25. This aspect gets fully fortified by the fact that the Government has issued Order No.CI 82 SPI 2023, Bengaluru dated 23.03.2023 changing the land use for residential complex. The 138th State Level Single Window Clearance Committee in its meeting held on 07.03.2023 had considered the request of M/s. Lakeview Tourism Corporation, Bengaluru and mentioned it as a partnership firm. Another fraud was played while treating this as a partnership firm in the year 2023 of M/s. Ashwitha Property Developers Private Limited and M/s. Shivashakti Estate and Investment Private Limited and it was stated that the partnership was executed as long back as on 22.04.2004 and in view of the partnership, M/s. Lakeview Tourism Corporation became a partnership firm. The fraud is on the face of the record inasmuch as M/s.Lakeview Tourism Corporation was incorporated as private limited company on 04.01.2011, but the so-called State Level Single Window Clearance Committee, in the year 2023, considered it to be a partnership firm of two real estate developers of the same promoters/directors.
26. The authorities have appeared to be ever ready and willing to oblige and accede to any demand/request, accepted the demand of the said entity for change of the land use allotted to M/s.Lakeview Tourism Corporation for construction of a Unicare Tourism Centre with a Resort and Five Star Hotel, Amusement Park, Water Park, Health Club, Recreation Facility, Conference/Convention Centre with all ultra modern facilities, the Indian Arts and Crafts Exhibition, a Mini Theatre, Restaurants, Modern Shopping Complex and Service Apartments. Now the object is to develop "Integrated township with development of Commercial office spaces, Information Technology Park etc. The Government Order dated 23.03.2023 reads under:
"GOVERNMENT ORDER NO.CI 82 SPI 2023, BENGALURU
DATED 23.03.2023
Government is pleased to accord approval for the following proposals of M/s Lakeview Tourism Corporation:
* Extension of time by 3 years, with a condition that further extension of time will not be considered.

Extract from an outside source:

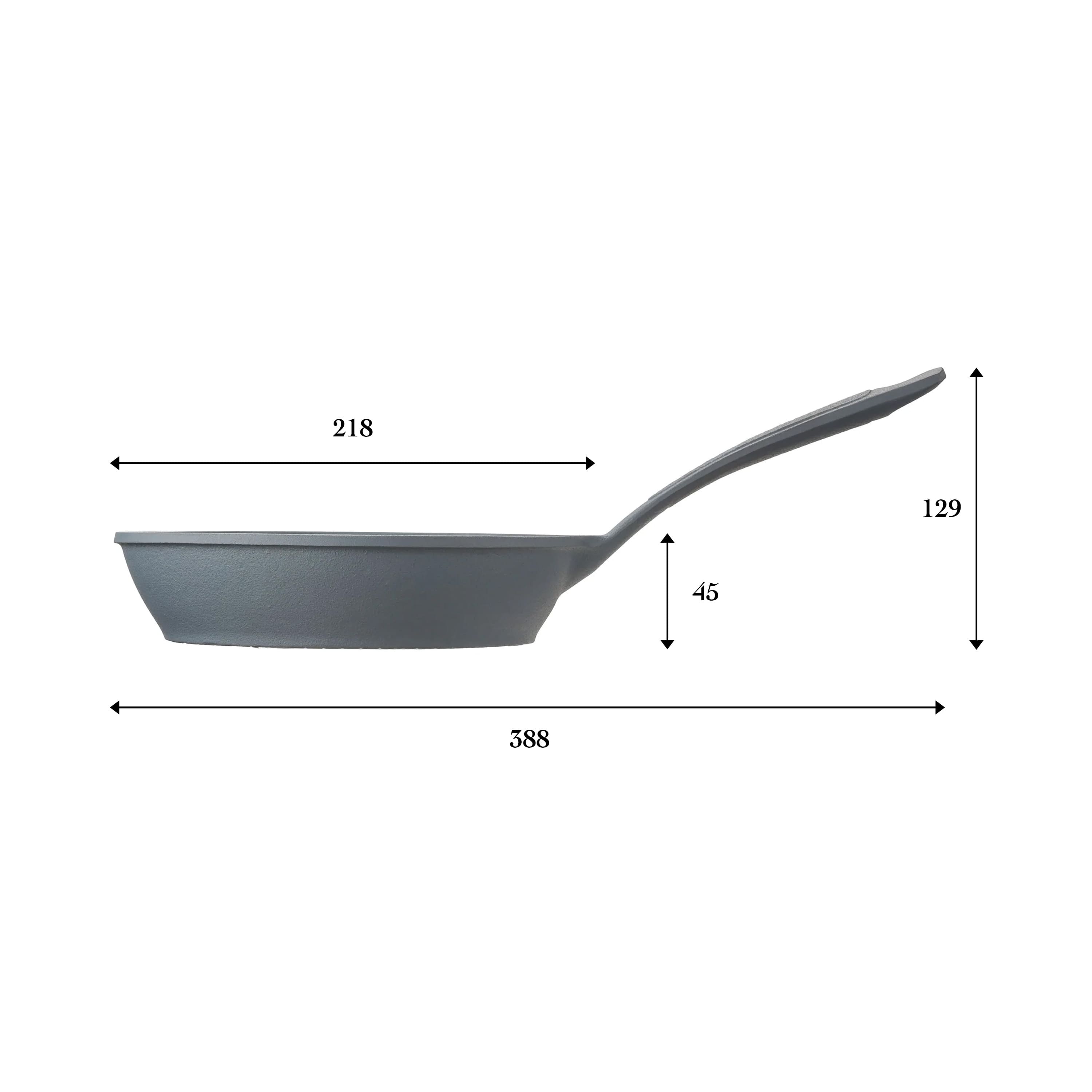一生ものの無塗装鉄鋳物フライパンSOLITTO-ソリット-。その実力と迫力を知ると手放せなくなる、THEフライパンです。小ぶりでも本格派の20cmは、2人分程度の調理に最適なサイズ感です。側面が高く容量もたっぷり。鋳鉄が蓄えた熱を安定して食材に伝え、圧倒的な「焼き」を実現。OIGEN独自の「無塗装はだか仕上げ」でサビに強く、鉄フライパンの弱点を克服。使い込むほどに美しい黒色に育ち、上質な道具の真価を実感できます。
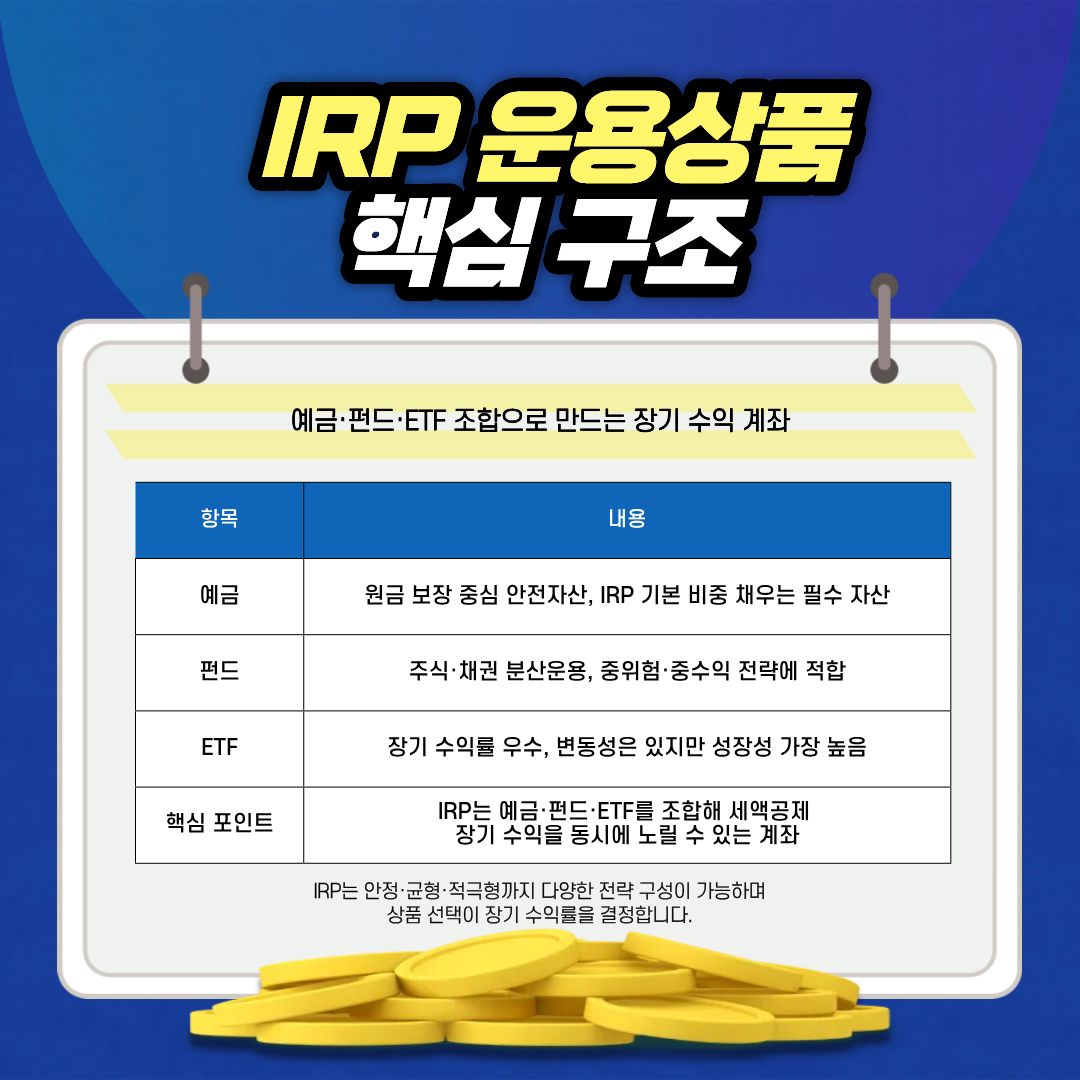 IRP는 세액공제 혜택뿐 아니라 장기 투자 계좌로 활용할 수 있어 운용상품 선택이 매우 중요합니다.

* Change of activity from establishment of "Unicare Tourist Centre with a Resort and Five Star Hotel, Amusement Park, Water Park, Health Club, Recreation Facility, Conference/ Convention Centre with all ultra modern facilities, the Indian Arts and Crafts Exhibition, A mini Theatre, Restaurants, Modern Shopping Complex and service Apartments with transit flat facilities" to "Integrated township with development of Commercial office spaces, Information Technology Park, R&D Centre, Retail, Shopping Mall, Residential multi-storied apartment complex, Hospitals, Educational Institutions, School, Hotels, Convention Centre, Other Hospitality Usages like Service Apartments, Branded Apartments, Residential Apartments or establishing any other permissible usage under the law", subject to obtaining necessary clearances and submission of documents to concerned authorities.
* Increase in investment from Rs.250 crore to Rs.440 crore
All other terms and conditions indicated in the Government Order read at (2) above remains unaltered."
27. Mr. K.N. Phanindra, learned Senior Counsel appearing for the respondent-entity has vehemently argued that the land acquisition proceedings in favour of the Lakeview Tourism Corporation has attained finality by the decision of the Division Bench of this Court in W.A.No.333/2013 dated 26.03.2014 and the review petition bearing R.P.No.363/2015 filed against the said judgment came to be dismissed vide order dated 06.04.2018. He, therefore, submits that once this Court has already upheld the land acquisition in favour of the respondent- entity, the challenge to such acquisition proceedings in writ petitions filed by the appellants would not be maintainable and the appeals ought to be dismissed. It has been further submitted by him that under the KIAD Act, the land acquisition can be made in favour of a single entity as held in MSPL LIMITED VS STATE OF KARNATAKA ([2002) 20 SCC 58).
III QUESTIONS:-
28. In view of the aforesaid facts, this Court is required to consider the following questions in the present writ appeals:-
(1) Whether the land acquisition in question for M/s. Lakeview Tourism Corporation, a non-existent entity, by the Government under the provisions of the KIAD Act was just, proper, legal, valid and as per the object and purpose of the Act?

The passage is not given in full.